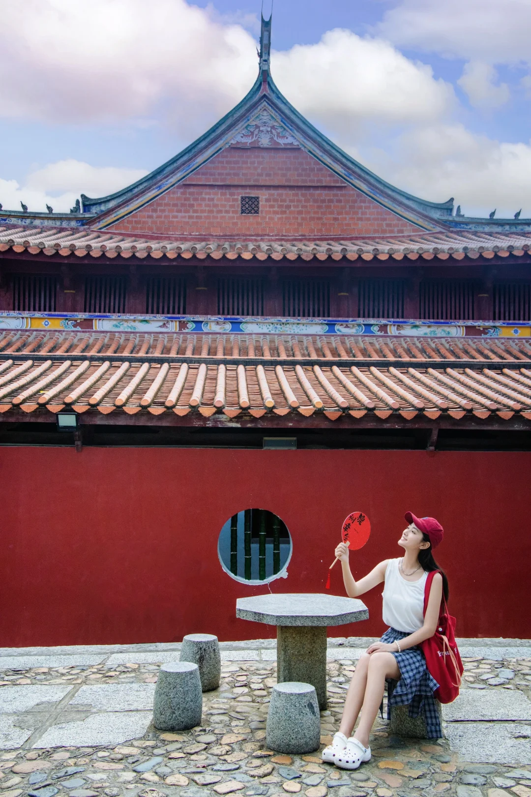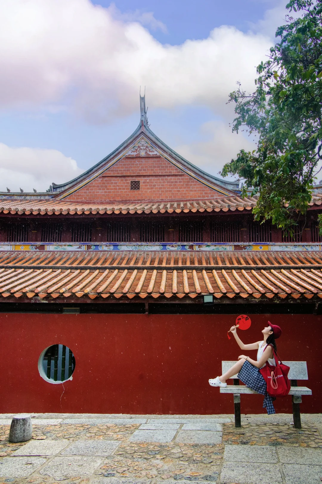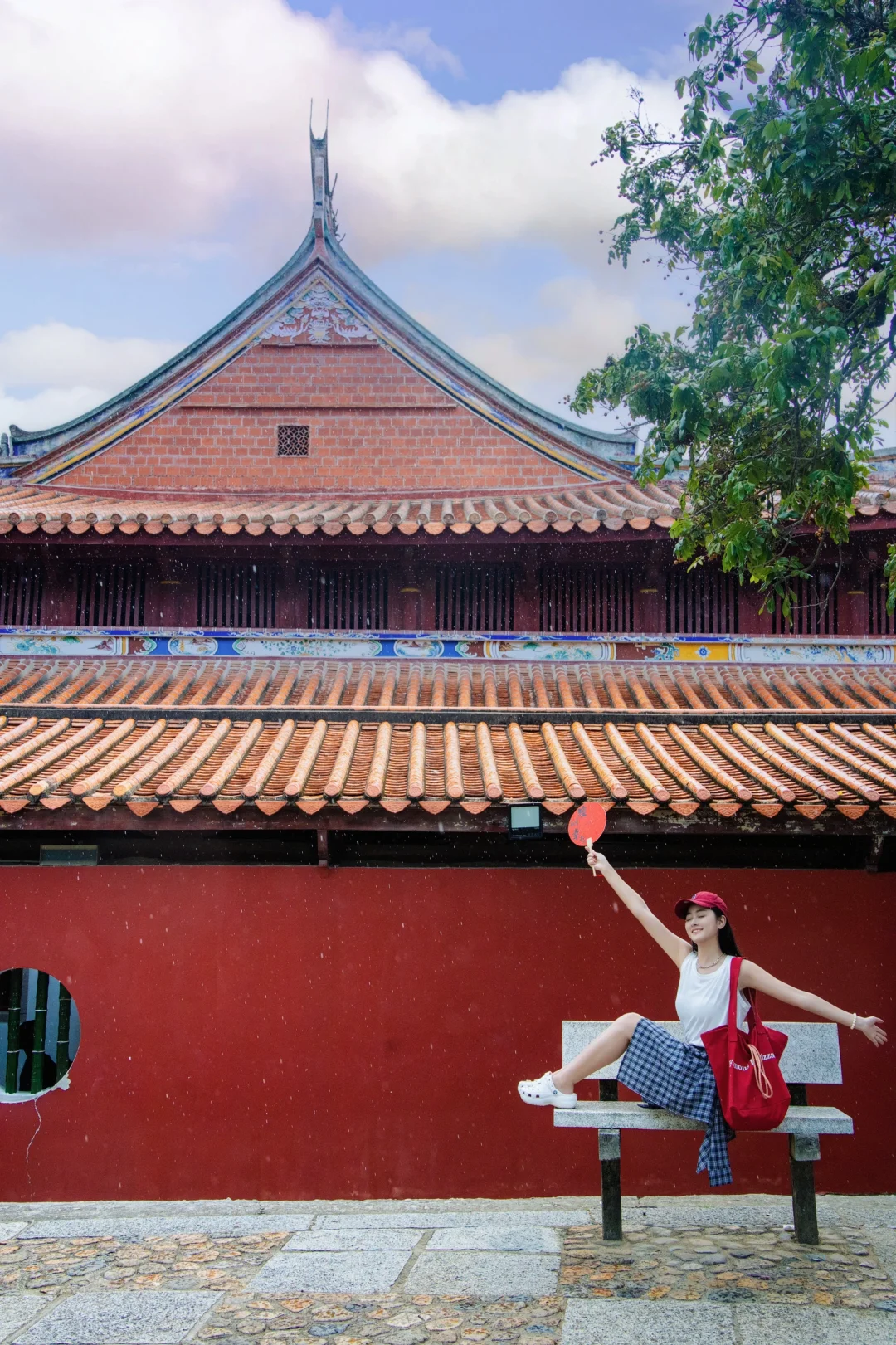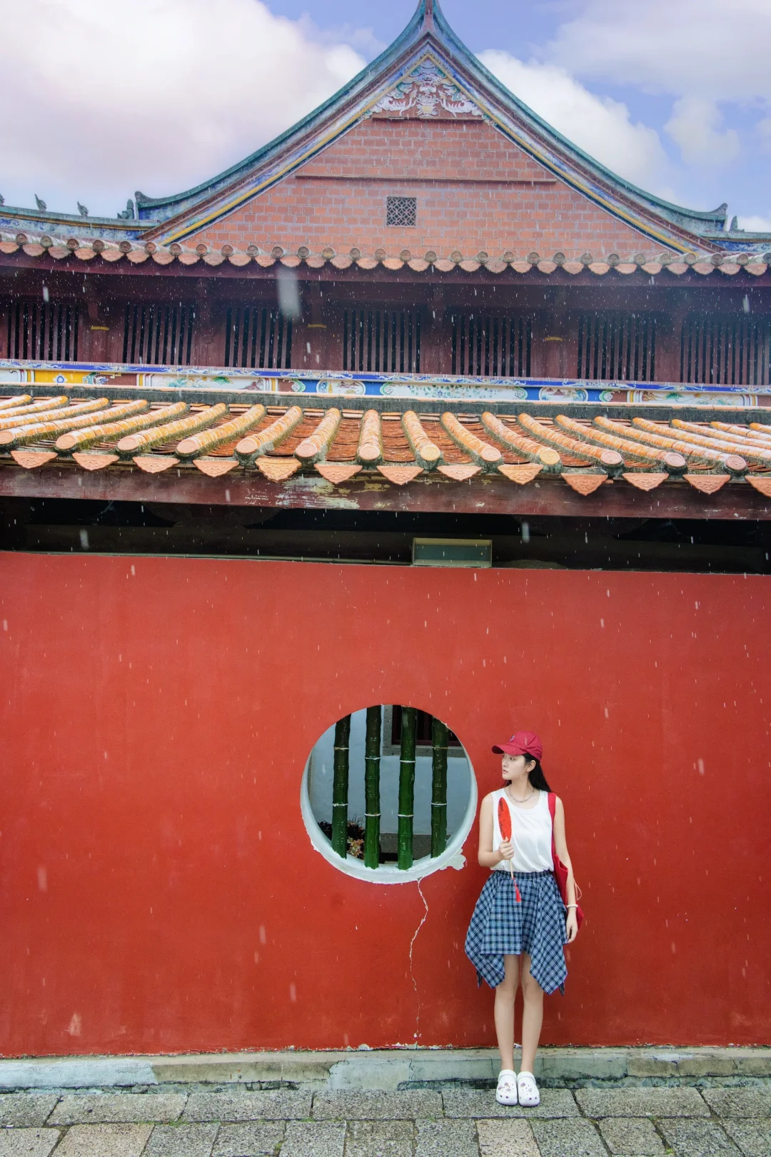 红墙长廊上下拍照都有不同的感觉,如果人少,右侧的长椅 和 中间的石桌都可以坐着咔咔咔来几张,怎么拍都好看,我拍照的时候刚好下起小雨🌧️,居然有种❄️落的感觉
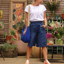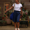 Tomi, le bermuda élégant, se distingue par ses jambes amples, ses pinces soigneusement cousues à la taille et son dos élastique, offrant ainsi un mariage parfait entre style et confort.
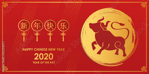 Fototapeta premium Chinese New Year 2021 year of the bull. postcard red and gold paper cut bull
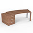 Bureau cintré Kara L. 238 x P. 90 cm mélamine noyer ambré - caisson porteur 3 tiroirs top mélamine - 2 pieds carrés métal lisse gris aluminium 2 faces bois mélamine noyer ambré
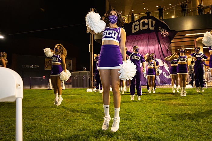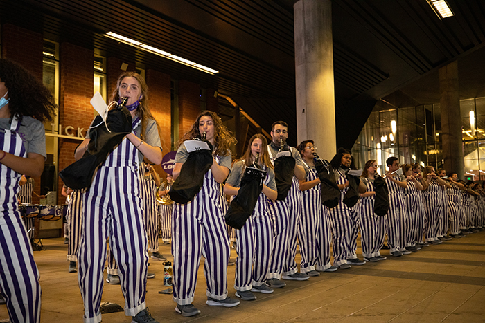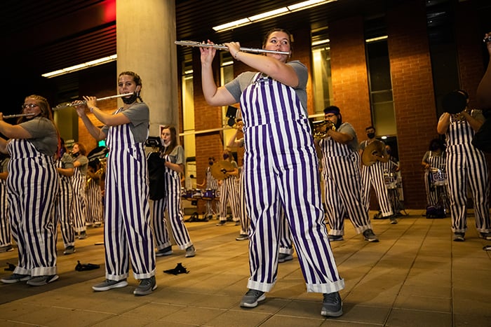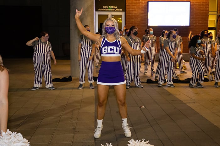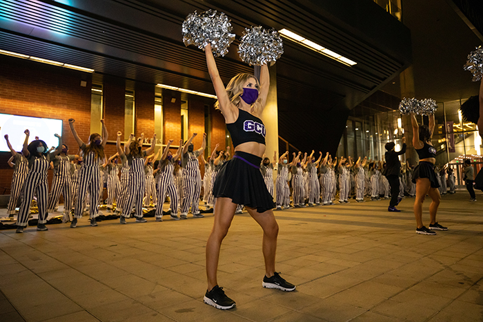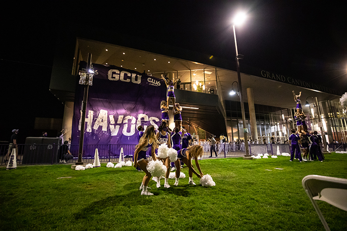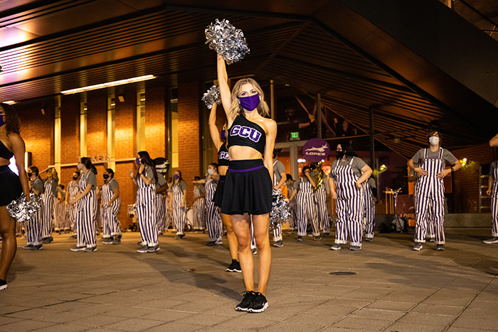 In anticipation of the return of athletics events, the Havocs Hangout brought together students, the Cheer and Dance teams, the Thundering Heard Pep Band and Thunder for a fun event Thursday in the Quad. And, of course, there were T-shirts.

☆ ☆ ☆ ☆ ☆

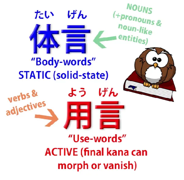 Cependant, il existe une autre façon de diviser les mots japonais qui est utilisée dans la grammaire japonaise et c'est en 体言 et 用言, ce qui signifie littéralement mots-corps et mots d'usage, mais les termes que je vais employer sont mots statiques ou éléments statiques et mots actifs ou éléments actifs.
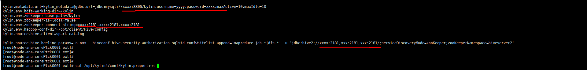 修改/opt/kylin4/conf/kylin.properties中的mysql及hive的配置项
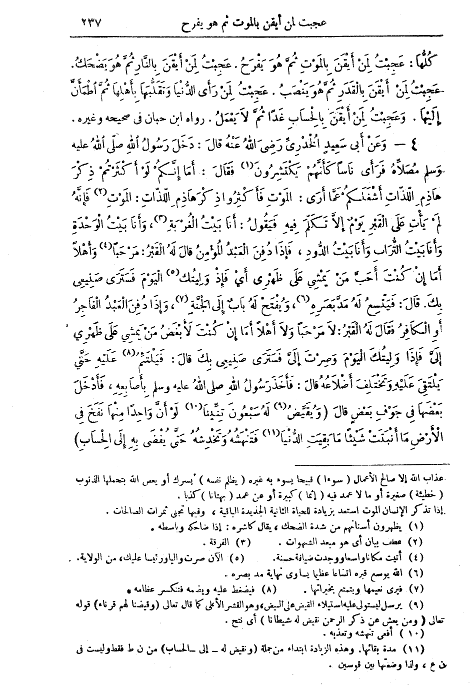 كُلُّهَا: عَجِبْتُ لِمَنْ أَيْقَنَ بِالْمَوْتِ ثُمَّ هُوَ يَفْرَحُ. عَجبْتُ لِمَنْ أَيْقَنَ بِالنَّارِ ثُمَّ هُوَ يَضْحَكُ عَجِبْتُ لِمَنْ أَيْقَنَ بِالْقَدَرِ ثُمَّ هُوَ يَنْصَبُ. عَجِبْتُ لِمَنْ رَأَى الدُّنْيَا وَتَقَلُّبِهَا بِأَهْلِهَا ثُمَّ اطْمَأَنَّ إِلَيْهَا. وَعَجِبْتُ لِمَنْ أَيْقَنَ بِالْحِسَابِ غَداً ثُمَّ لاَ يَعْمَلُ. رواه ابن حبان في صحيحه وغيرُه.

☆ ☆ ☆ ☆ ☆

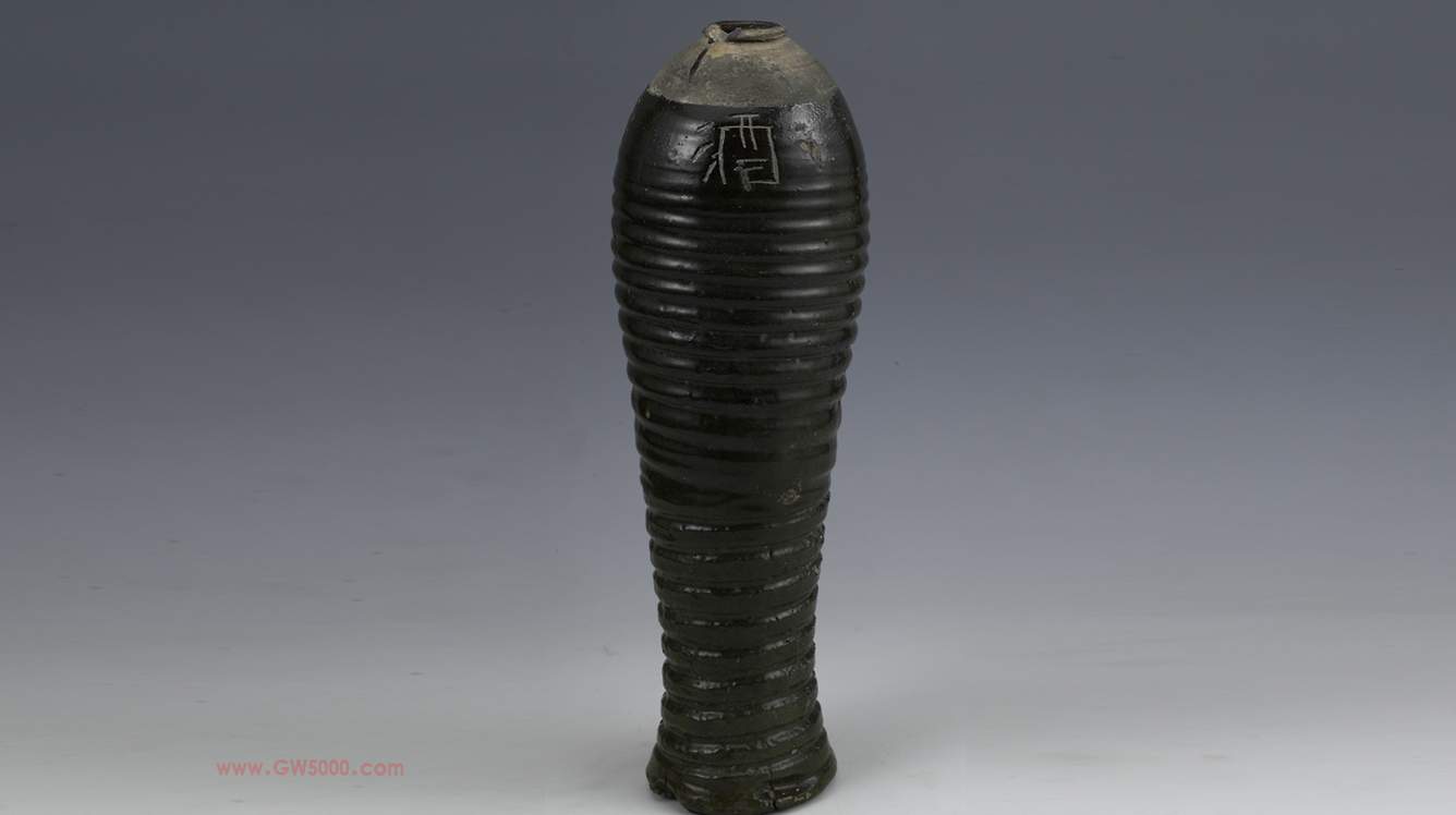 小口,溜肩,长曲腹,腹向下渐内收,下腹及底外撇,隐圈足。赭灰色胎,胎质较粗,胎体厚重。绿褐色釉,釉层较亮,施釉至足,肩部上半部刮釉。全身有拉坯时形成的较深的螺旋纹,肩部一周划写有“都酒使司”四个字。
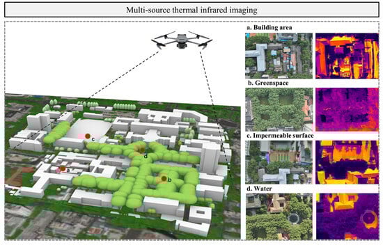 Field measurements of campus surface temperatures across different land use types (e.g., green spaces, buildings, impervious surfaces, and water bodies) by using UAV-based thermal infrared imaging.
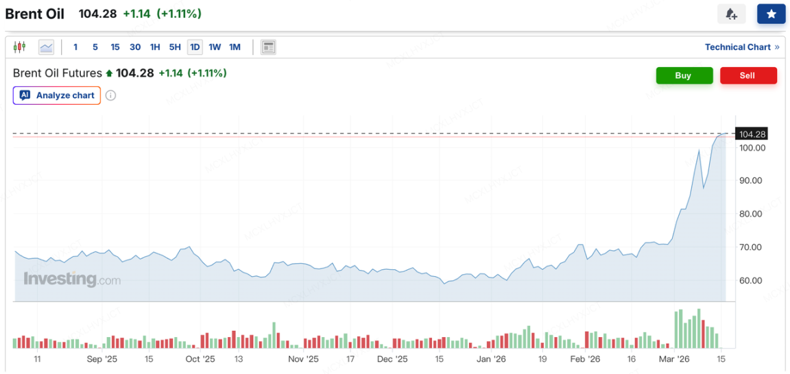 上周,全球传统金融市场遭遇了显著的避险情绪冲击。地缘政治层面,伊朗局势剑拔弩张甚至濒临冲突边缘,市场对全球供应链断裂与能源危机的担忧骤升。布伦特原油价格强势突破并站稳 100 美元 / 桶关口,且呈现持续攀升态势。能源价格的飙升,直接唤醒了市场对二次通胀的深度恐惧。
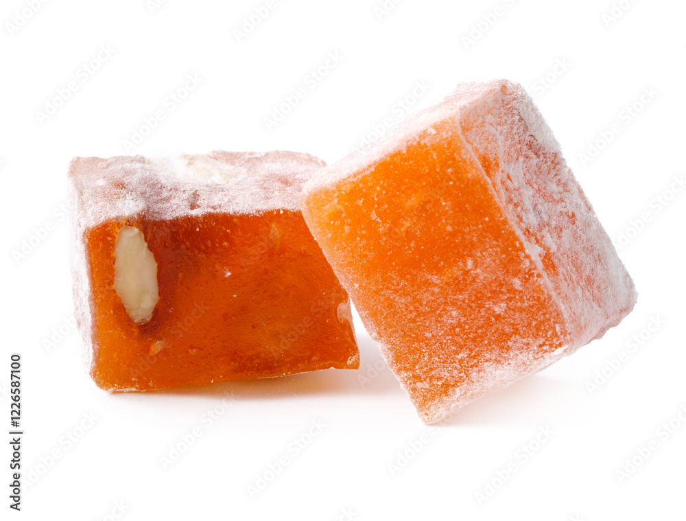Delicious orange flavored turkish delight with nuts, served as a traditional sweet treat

☆ ☆ ☆ ☆ ☆

» **The task**
Exactly reproduce the lines above, starting at the one that contains "Tomi, le bermuda" and ending at the one that contains "In anticipation of", both inclusive; leave the pictures out and add no other lines.

» **Response**
 Tomi, le bermuda élégant, se distingue par ses jambes amples, ses pinces soigneusement cousues à la taille et son dos élastique, offrant ainsi un mariage parfait entre style et confort.
 Fototapeta premium Chinese New Year 2021 year of the bull. postcard red and gold paper cut bull
 Bureau cintré Kara L. 238 x P. 90 cm mélamine noyer ambré - caisson porteur 3 tiroirs top mélamine - 2 pieds carrés métal lisse gris aluminium 2 faces bois mélamine noyer ambré
 In anticipation of the return of athletics events, the Havocs Hangout brought together students, the Cheer and Dance teams, the Thundering Heard Pep Band and Thunder for a fun event Thursday in the Quad. And, of course, there were T-shirts.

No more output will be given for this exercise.